To obtain the pattern for the database record, an individual inserts a finger into an attester terminal containing a near-infrared light-emitting diode (LED) light and a monochrome charge-coupled device (CCD) camera. The hemoglobin in the blood absorbs near-infrared LED light, which makes the vein system appear as a dark pattern of lines. The camera records the image and the raw data is digitized, certified, and sent to a database of registered images. For authentication purposes, the finger is scanned as before and the data is sent to the database of registered images for comparison. The authentication process takes less than two seconds.

Finger scanning devices have been deployed for use in Japanese financial institutions, kiosks, and turnstiles. Mantra Softech marketed a device in India that scans vein patterns in palms for attendance recording. Fujitsu developed a version that does not require direct physical contact with the vein scanner for improved hygiene in the use of electronic point of sale devices.

Lambert Sonna Momo developed in 2020 a new generation of scanner, the VenoScannerF, which scans finger veins in multiple views and extracts a key that is encrypted from end to end with a constantly changing random code.
It is developing a new floating-hand version available for the market in 2022.

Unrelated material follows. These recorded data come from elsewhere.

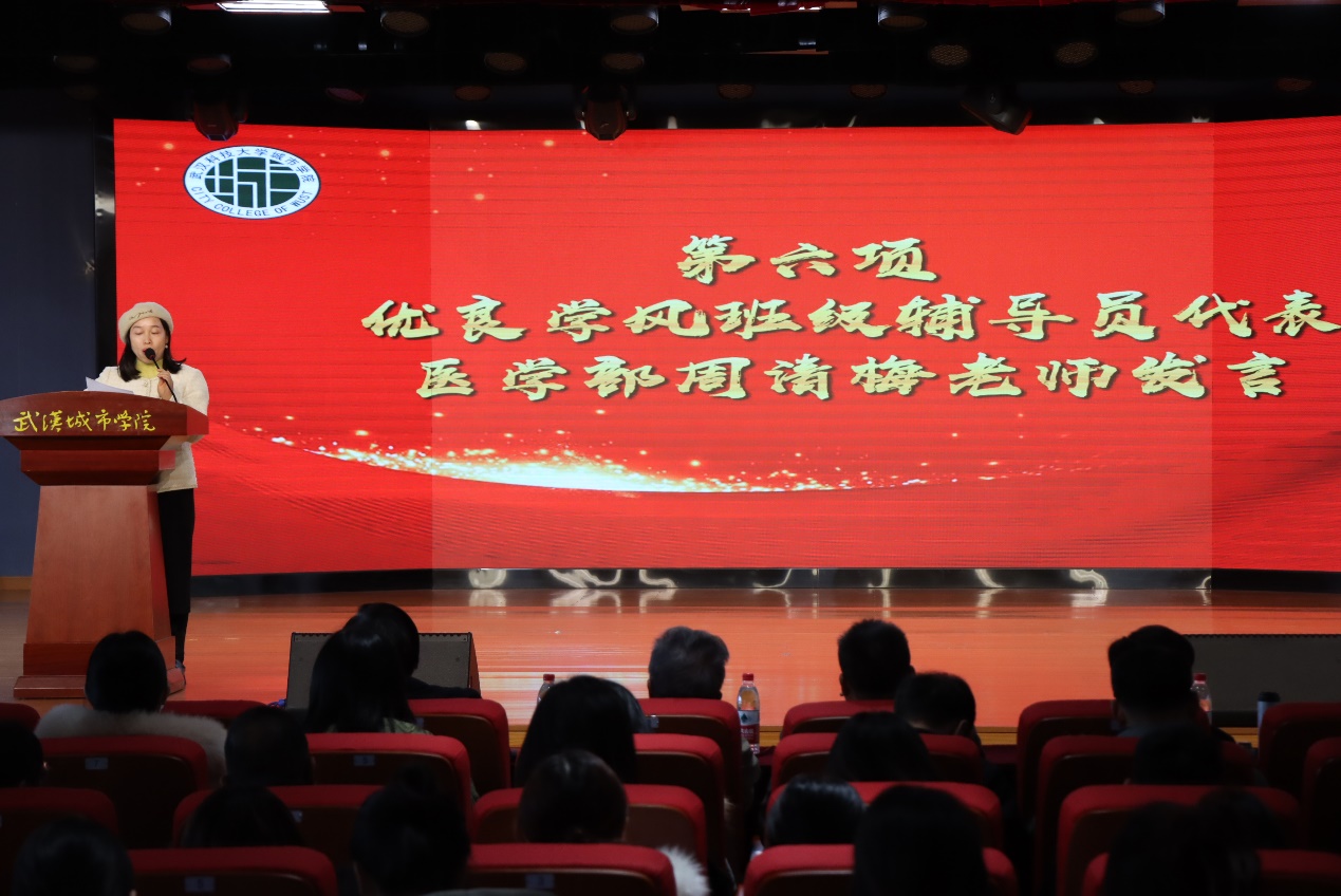 医学部护理8班辅导员周清梅老师作为“优良学风班级”辅导员代表上台发言。她表示,在打造优良学风班级的过程中,护理8班始终坚守学风建设,从五个维度全面发力:一是营造浓郁的学习氛围;二是充分发挥班级集体的力量;三是高度重视每位同学的个性发展;四是助力同学们精准定位自我;五是优化管理模式,强化沟通协调机制,实现了班级的全面发展与进步。
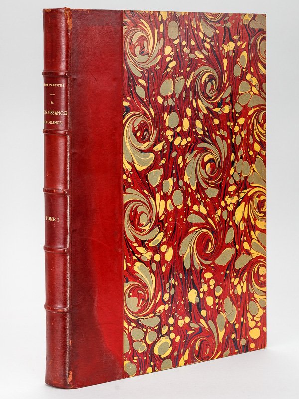 1 vol. in-folio reliure de l'époque demi-chagrin rouge, dos à 5 nerfs, tête dorée, couvertures conservées, A. Quantin, Paris, 1879, VIII-234 p. Impressionnant premier tome des 3 volumes consacrés à la Renaissance en France par Léon Palustre. Etat satisfaisant (mouill. à la reliure en dos et mors, très bon état intérieur) pour cette très belle impression, aux belles eaux-fortes imprimées sur très épais papier vergé. Prix en l'état. Voir également dans notre catalogue les tomes 2 et 3
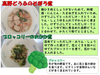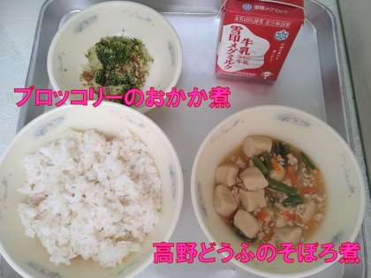 今日の献立は、「麦ごはん・牛乳・高野どうふのそぼろ煮・ブロッコリーのおかか煮」でした。
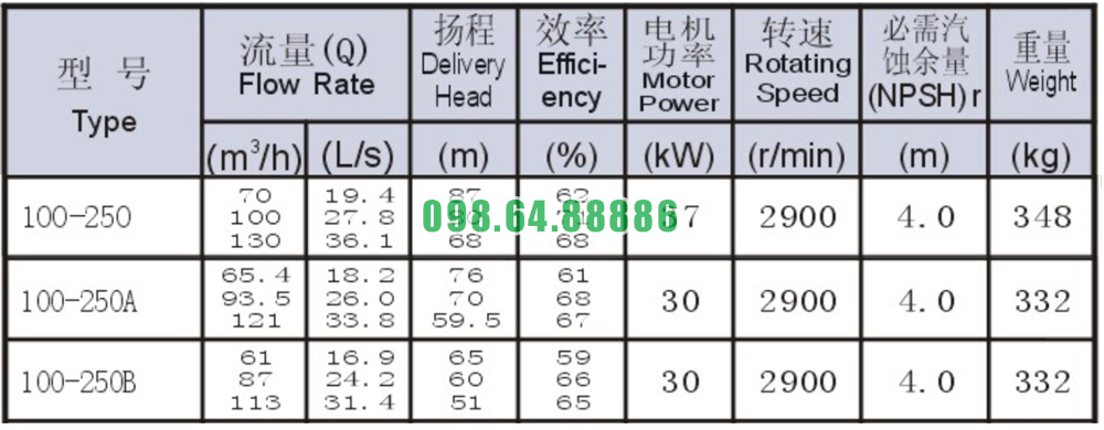 Bảng thông số kỹ thuật bơm li tâm trục ngang SLW100-ISW100-250 động cơ 37 kw năng suất 71%

==Palm vein biometrics key generation==
Palm vein authentication is one of the vascular pattern authentication technologies. Fujitsu offers contactless authentication and provides a hygienic and non-invasive solution so that it could be used for contactless authentication like laptop, mobile or even an ATM. When compared to other vascular pattern recognition, the Palm vein plays a predominant role since it has a wide region of interest, while other similar technologies like eye Eye vein verification, finger vein has a very small RoI comparatively. Also, compared to other biometric recognition, palm vein does not include any noise data like hair, electrical/thermal/environmental conditions, or even sensor drift. Since a huge area of interest is available, even an irrevocable biometric key is proposed by Prasanalakshmi to be generated from the bifurcations and minutiae patterns. The points of these patterns, in turn, are used to generate a key that protects data in smart cards, devices, and many others. The Palm vein biometric key generation is thus an "irrevocable cryptographic key from the biometric template" used for smart card/device authentication.

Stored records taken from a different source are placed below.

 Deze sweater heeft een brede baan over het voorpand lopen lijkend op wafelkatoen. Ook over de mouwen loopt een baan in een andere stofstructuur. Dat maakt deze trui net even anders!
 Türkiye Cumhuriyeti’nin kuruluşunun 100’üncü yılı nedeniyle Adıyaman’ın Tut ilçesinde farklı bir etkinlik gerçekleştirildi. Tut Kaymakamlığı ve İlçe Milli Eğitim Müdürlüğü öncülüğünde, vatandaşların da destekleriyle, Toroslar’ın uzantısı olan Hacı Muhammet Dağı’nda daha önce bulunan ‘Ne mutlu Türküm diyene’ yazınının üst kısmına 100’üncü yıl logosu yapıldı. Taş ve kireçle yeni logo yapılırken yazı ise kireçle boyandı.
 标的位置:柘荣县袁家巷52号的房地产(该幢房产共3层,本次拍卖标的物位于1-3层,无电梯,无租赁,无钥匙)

==Forensic identification==
According to a 31,000-word investigative report published in January 2011 by Georgetown University faculty and students, U.S. federal investigators used photos from the video recording of the beheading of American journalist Daniel Pearl to match the veins on the visible areas of the perpetrator to that of captured al-Qaeda operative Khalid Sheikh Mohammed, notably a "bulging vein" running across his hand. The FBI and the CIA used the matching technique on Mohammed in 2004 and again in 2007. Officials were concerned that his confession, which had been obtained through torture (namely waterboarding), would not hold up in court and used vein matching evidence to bolster their case.

==Other applications==
Some US hospitals, such as NYU Langone Medical Center, use a vein matching system called Imprivata PatientSecure, primarily to reduce errors. Additional benefits include identifying unconscious or uncommunicative patients, and saving time and paperwork.
Dr. Bernard A. Birnbaum, chief of hospital operations at Langone, says "vein patterns are 100 times more unique than fingerprints".
However, news reports on the use of vein matching for Mr. Pearl's murderer quote experts who say "that its reliability as a forensic identification tool is unproven.